──────── Extracted information

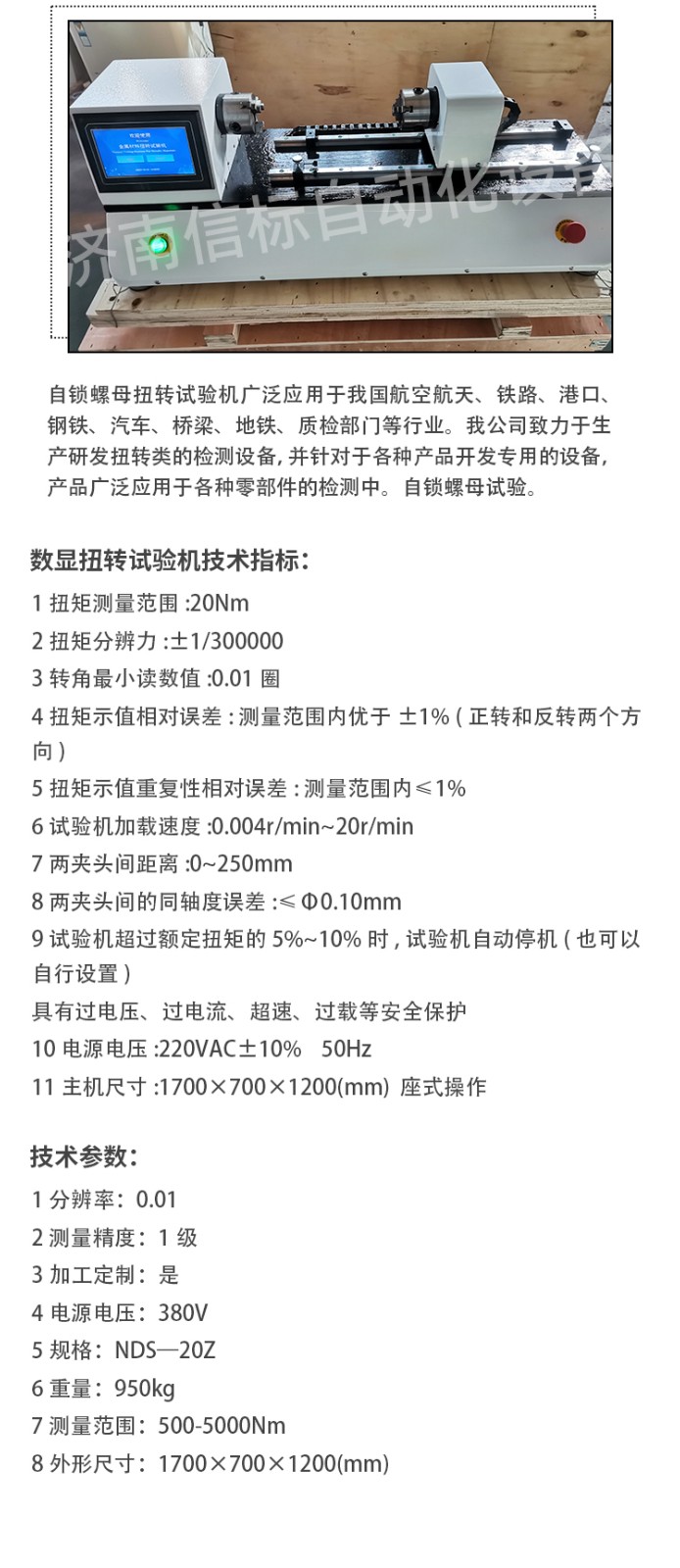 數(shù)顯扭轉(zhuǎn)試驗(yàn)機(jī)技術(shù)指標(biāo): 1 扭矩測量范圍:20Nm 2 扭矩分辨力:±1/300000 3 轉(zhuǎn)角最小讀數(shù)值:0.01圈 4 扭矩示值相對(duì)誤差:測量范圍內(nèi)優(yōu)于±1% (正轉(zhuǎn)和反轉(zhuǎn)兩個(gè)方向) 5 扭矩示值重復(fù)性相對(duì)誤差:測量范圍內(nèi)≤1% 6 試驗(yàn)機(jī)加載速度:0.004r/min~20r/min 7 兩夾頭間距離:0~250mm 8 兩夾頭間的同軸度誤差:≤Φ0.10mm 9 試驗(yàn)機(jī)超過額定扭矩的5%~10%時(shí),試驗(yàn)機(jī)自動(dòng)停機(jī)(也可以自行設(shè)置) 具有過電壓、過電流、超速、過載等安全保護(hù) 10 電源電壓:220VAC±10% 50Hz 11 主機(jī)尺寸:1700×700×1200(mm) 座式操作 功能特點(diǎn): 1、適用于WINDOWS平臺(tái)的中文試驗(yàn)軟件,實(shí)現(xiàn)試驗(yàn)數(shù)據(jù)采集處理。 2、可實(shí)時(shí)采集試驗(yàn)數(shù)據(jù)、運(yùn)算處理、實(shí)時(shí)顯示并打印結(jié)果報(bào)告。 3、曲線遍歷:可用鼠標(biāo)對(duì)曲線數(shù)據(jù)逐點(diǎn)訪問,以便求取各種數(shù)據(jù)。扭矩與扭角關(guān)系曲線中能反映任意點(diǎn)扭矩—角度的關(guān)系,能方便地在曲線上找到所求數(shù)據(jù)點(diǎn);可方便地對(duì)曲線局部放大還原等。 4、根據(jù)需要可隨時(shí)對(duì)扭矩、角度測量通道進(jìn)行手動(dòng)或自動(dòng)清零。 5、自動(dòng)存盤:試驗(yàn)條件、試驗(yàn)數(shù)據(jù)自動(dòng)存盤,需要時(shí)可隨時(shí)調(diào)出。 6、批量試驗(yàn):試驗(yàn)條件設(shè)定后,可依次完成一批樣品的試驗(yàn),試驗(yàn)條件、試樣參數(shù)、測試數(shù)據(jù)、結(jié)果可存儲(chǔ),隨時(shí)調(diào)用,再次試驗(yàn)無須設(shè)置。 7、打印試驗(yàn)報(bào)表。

────────────────
──────── Extracted information

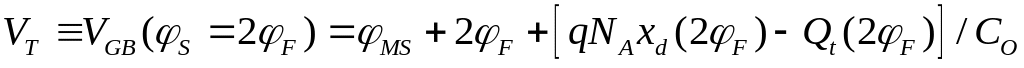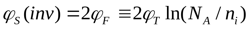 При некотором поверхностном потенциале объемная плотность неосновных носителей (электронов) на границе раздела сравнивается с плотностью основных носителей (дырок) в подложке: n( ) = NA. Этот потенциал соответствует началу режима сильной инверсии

────────────────
──────── Extracted information

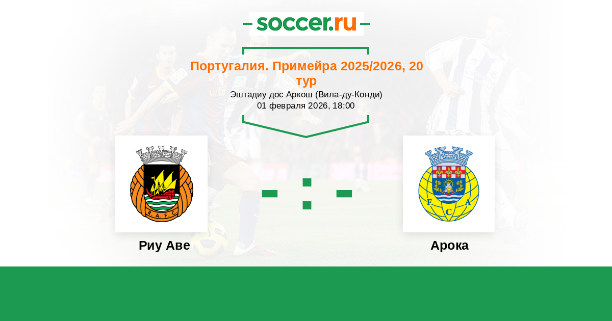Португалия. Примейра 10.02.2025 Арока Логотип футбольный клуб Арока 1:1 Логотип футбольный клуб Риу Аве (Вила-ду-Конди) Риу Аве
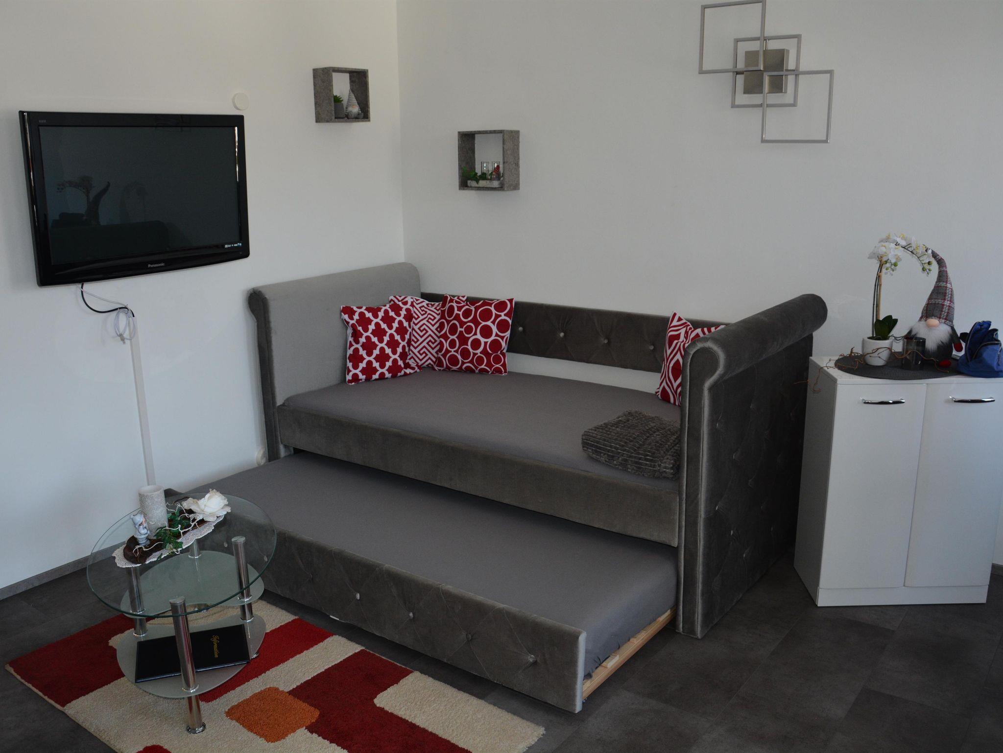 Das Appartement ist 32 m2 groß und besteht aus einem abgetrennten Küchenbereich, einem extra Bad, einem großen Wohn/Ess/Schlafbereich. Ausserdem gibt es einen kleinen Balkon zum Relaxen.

────────────────

** Task brief **
From the listing above, please give again the lines that begin with the line holding "Португалия. Примейра 10.02.2025" and go on through the line holding "Das Appartement ist", exactly, both ends included, minus any picture.

** Problem solution **
Португалия. Примейра 10.02.2025 Арока Логотип футбольный клуб Арока 1:1 Логотип футбольный клуб Риу Аве (Вила-ду-Конди) Риу Аве
 Das Appartement ist 32 m2 groß und besteht aus einem abgetrennten Küchenbereich, einem extra Bad, einem großen Wohn/Ess/Schlafbereich. Ausserdem gibt es einen kleinen Balkon zum Relaxen.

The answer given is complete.